- Born: Marinus Johannes Richardus Wortel 18 December 1947 (age 78) Amsterdam, Netherlands
- Occupation: Geophysicist
- Awards: Stephan Mueller Medal (2010), Knight of the Order of the Netherlands Lion (2012)

Academic background
- Alma mater: Utrecht University
- Thesis: Age-dependent subduction of oceanic lithosphere (1980)
- Doctoral advisor: Nicolaas Jacob Vlaar

Academic work
- Discipline: Tectonophysics
- Institutions: Utrecht University

= Rinus Wortel =

Dutch geophysicist (born 1947)

Marinus Johannes Richardus "Rinus" Wortel (born 18 December 1947) is a Dutch geophysicist. He was professor of tectonophysics at Utrecht University between 1989 and 2012. Since 2013 he has been unpaid professor of geophysics at the same university.

==Early life==
Wortel was born on 18 December 1947 in Amsterdam. He attended the gymnasium. Wortel subsequently wanted to study geology and had a strong interest in the physical aspects of the field. In 1965 he started his study of geophysics at Utrecht University, at that time the only place in the Netherlands offering the study. In 1980 Wortel obtained his PhD at Utrecht University under N.J. (Nico) Vlaar with a thesis titled: Age-dependent subduction of oceanic lithosphere.

==Career==
After his studies Wortel worked as scientific employee and later associate professor of theoretical geophysics at his alma mater. In 1989 he was named professor of tectonophysics at the same university. From 1992 to late 1996 he was dean of the faculty of earth sciences. He was professor of tectonophysics until 2012. The next year the university named him unpaid professor of geophysics.

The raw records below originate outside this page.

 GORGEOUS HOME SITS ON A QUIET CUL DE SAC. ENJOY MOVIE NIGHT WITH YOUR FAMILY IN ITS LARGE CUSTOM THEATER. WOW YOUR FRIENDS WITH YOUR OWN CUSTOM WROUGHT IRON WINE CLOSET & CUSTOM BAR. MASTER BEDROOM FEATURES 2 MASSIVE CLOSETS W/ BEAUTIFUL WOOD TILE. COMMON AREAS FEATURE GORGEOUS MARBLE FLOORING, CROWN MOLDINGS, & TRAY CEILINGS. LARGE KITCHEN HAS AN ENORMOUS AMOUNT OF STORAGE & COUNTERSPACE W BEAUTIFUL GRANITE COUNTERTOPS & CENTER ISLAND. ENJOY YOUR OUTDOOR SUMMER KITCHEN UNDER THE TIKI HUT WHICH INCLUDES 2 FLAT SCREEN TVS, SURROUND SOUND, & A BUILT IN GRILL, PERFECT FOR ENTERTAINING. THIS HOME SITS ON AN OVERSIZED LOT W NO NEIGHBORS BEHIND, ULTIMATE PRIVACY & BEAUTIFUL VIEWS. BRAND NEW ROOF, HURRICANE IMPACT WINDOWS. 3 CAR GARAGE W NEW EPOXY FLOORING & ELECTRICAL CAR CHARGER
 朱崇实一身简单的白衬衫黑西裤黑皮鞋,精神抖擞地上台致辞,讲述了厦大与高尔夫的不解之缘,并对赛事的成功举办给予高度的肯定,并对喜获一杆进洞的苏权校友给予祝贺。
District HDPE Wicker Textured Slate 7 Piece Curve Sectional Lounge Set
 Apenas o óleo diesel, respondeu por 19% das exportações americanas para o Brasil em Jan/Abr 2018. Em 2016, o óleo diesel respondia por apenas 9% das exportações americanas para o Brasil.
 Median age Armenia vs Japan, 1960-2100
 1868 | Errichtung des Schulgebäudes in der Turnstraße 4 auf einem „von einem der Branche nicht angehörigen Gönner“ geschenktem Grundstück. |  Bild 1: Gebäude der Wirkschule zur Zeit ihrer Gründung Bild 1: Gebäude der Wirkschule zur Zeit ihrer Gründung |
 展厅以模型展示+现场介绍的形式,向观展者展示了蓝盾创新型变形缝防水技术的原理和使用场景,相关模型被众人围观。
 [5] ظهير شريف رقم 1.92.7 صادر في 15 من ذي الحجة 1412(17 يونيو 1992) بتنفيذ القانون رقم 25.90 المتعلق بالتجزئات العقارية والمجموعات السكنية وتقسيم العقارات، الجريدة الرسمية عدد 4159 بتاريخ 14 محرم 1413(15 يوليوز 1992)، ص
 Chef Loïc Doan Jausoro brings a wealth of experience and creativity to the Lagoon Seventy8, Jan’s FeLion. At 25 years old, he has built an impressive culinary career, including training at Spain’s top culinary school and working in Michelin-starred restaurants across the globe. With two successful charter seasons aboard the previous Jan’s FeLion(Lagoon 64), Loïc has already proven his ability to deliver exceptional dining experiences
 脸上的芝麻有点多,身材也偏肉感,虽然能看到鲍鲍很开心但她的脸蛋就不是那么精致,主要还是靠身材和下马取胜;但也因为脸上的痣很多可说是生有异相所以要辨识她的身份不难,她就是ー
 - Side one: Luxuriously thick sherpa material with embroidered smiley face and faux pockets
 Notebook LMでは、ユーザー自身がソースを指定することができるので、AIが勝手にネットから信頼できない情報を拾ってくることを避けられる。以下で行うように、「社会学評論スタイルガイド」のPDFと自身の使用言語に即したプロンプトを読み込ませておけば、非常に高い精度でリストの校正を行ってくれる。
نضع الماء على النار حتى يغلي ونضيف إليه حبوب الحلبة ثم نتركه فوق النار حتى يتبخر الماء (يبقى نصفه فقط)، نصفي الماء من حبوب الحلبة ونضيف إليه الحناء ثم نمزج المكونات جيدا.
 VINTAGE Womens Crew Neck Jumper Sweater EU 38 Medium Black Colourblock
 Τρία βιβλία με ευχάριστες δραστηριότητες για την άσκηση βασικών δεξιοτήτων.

During his career Wortel was founder and director of the Geodynamisch Onderzoeksinstituut. From 1996 he also served as scientific director of the Vening Meinesz Research School of Geodynamics. He was chair of the board of directors of the Netherlands Research Centre for Integrated Solid Earth Science.

The research of Wortel has focused on physical aspects of plate tectonics, especially the geophyisical development of the Mediterranean Sea area. In the early 2010s his research group expected that a new fault was forming between Europe and Africa, with the Eurasian Plate being thrust under the African Plate, which had been the reverse. He has also performed research into the dynamics and deformation of the lithosphere, seismic energy release and tectonic processes along convergent plate boundaries. He worked on integration of numerical models, with observations coming from geology, geophysics and geodesy. Wortel and his research group in 1992 developed an hypothesis on lateral migration of slab detachment. Early in his career he performed research in the Andes with his promotor, Vlaar. He also worked together with Sierd Cloetingh on modeling intraplate stress.

In 2018, Wortel became head of the research programme DeepNL, of the Dutch Research Council, which was initiated to look into the long term consequences of the winning of gas in the Groningen gas field. Specific research projects included subsidence, risk analysis, and earthquake forecasting. Wortel called it a unique project, comparable with the Dutch efforts of protection from the sea.

In 1997, he was part of a commission initiated by six Dutch universities to look into a fifth academic year for scientific studies, which the commission ultimately recommended. He has been involved in the handing out of the Vening Meineszprijs, being chair of the committee in 2010. He was editor of the Geophysical Journal.

==Honours and awards==
Wortel was elected a member of the Royal Netherlands Academy of Arts and Sciences in 1994. He was elected a member of the Academia Europaea in 1995. Wortel won the 2000 Stephan Mueller Medal of the European Geophysical Society, in "recognition of his fundamental contributions to modelling of subduction zone dynamics".

In 2011 he won the Van Waterschoot van der Grachtpenning of the Koninklijk Nederlands Geologisch Mijnbouwkundig Genootschap. In 2012 Wortel was made Knight in the Order of the Netherlands Lion.